Hey guys, I have been told me my Coralife T5 HO approx 100 watts for my 55gallon tank is too much light, and that i should raise it up high off the tank. I am confused because I thought 2wpg was standard. My goal is to run a low tech planted tank primarily because i don't want to run CO2. Also there is a 10,000k and an actinic blue bulbs in there now bc thats what the fixture came with. But i do plan on buying a 67k and daylight bulbs in the future. What do you all think? Please help because I am still able to return the fixture as i just received it in the mail the other day.


----------



## jrman83 (Jul 9, 2010)

If it is a 48" fixture you should have 108 watts (2X54). WPG doesn't apply to T5HO. Really only works well for T8 bulbs. Typical, although it doesn't apply to a Coralife, T5HO fixtures put out up to 4 times their rated wattage due to individual reflectors and the reflectors are usually pretty high quality.

You could leave the 10000K bulb in if you wanted, although the actinic wil not do much for plants. I prefer 6700K.

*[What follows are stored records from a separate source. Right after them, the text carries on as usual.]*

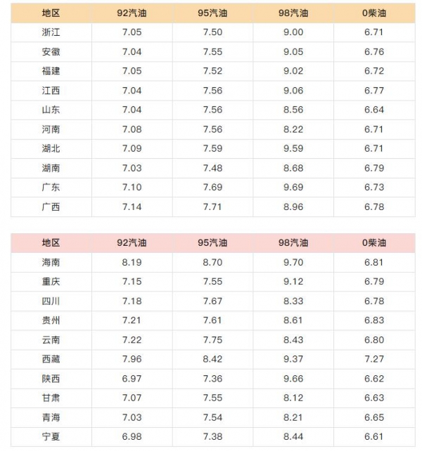最新价格请看下方油价列表
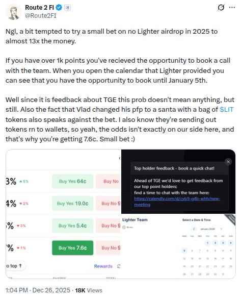 -Lots of focus and speculation regarding the upcoming @Lighter_XYZ airdrop, h/t example below from @Route2FI:
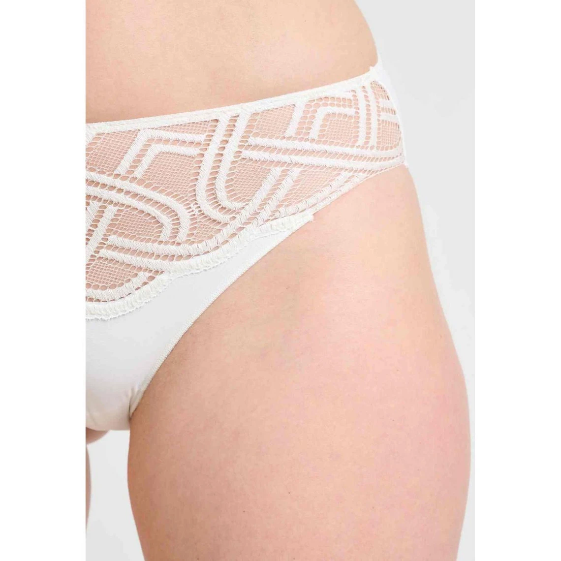 Enrichie d’une dentelle graphique et d’une maille d’une exceptionnelle douceur, cette culotte s’impose en véritable indispensable de votre collection de lingerie à sortir pour les beaux jours. Légèrement échancré au niveau des fesses, elle dévoile vos courbes avec charme. Son fin tour de taille élastiqué assure une excellente tenue tandis que l’arrière promet une meilleure opacité.
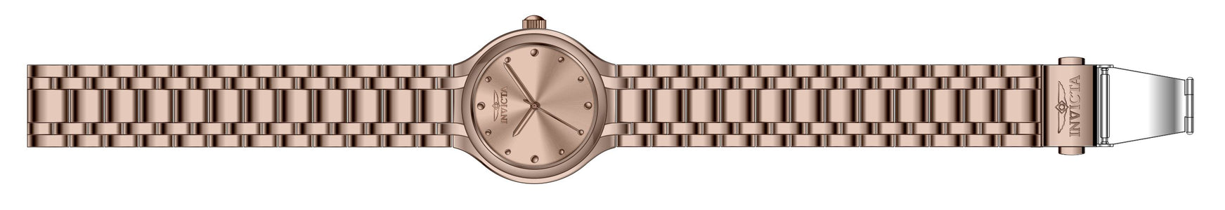 Band Material: Stainless Steel, Band Tone: Rose Gold, Band Width: 16MM, Band Length: 171MM, Crown Type: Push, Case Material: Stainless Steel, Case Tone: Rose Gold, Case Size [mm]: 32, Color of Hands: Rose Gold, Crystal Type: Mineral, Bezel Material: None, Dial Material: Brass, Dial Color: Rose Gold .Purchasing these parts and having a non-authorized repair center open your watch voids all manufacturing warranties. Invicta cannot guarantee the quality standards of an altered timepiece, the standard 3-year limited warranty on Invicta timepieces shall be invalid if the timepiece is serviced at any time by an unauthorized repair center. This includes battery replacements, which must be done at an Invicta authorized repair center in order to maintain the eligibility of the warranty. Please follow the link below to learn more about Invicta's warranty.https://cdn.invictawatch.com/www/files/invicta-warranty-2018.pdf

You may need to raise it off the tank. I hope you at least got the legs that come with it, but you may want more. I think you would have been much better off with something other than HO, or maybe a single tube....to keep it low-tech anyway.


----------



## falcooo (Sep 4, 2011)

JR...can i keep the actinic bulb in, and will that decrease the amount of light. Or will that have any ill effect on my tank?


----------



## falcooo (Sep 4, 2011)

Or better yet, can i simply take out the one bulb? and just run one T5 HO 54watt bulb? will that be sufficient for the low tech approach?


----------



## jrman83 (Jul 9, 2010)

You may get some algae growth you don't want with that bulb in there. Going down to one T5HO bulb will keep it low tech. Nothing to say you couldn't elevate it off the tank and use two bulbs, the correct ones. That would be what I did.


----------